- [Exercise brief]: Your task is to copy the lines of the data below from the line holding "an seinem Arbeitsplatz)." through the line holding "一般的に静的ホームページは外", inclusive, exactly and with nothing added.

- [Records supplied]:
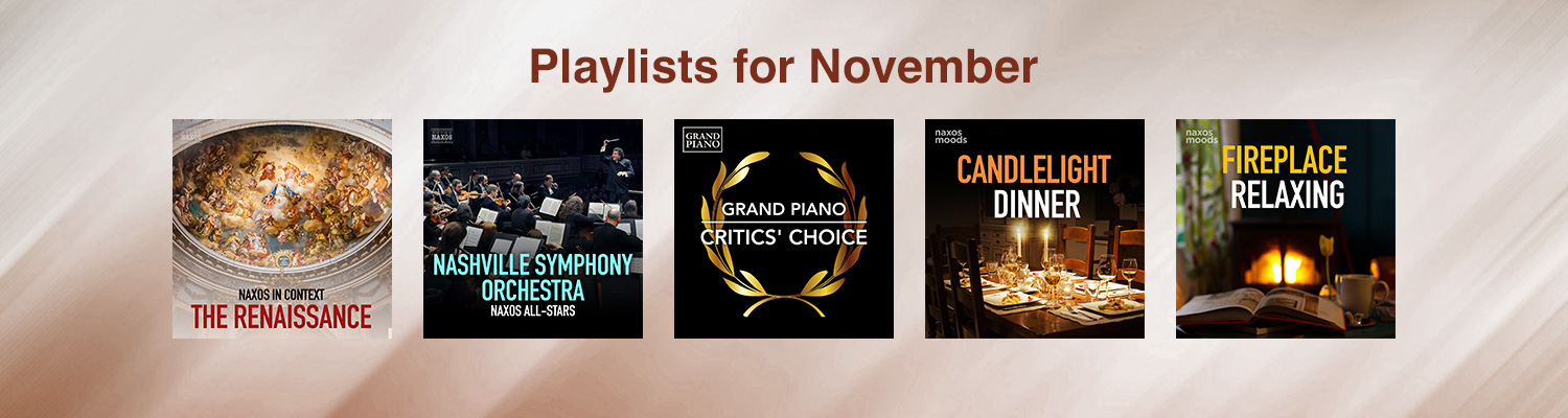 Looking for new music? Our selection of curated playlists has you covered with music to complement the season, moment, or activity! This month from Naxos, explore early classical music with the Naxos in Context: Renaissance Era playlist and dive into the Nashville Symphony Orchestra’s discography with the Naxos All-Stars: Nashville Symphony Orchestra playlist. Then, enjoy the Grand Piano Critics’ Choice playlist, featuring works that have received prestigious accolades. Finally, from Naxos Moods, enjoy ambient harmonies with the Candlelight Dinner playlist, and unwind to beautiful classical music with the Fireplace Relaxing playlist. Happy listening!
...
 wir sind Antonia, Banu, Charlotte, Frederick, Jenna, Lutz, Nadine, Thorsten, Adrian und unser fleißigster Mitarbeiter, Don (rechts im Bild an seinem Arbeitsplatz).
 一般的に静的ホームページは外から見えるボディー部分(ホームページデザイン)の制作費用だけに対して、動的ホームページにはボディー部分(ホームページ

- [Written solution]:
 wir sind Antonia, Banu, Charlotte, Frederick, Jenna, Lutz, Nadine, Thorsten, Adrian und unser fleißigster Mitarbeiter, Don (rechts im Bild an seinem Arbeitsplatz).
 一般的に静的ホームページは外から見えるボディー部分(ホームページデザイン)の制作費用だけに対して、動的ホームページにはボディー部分(ホームページ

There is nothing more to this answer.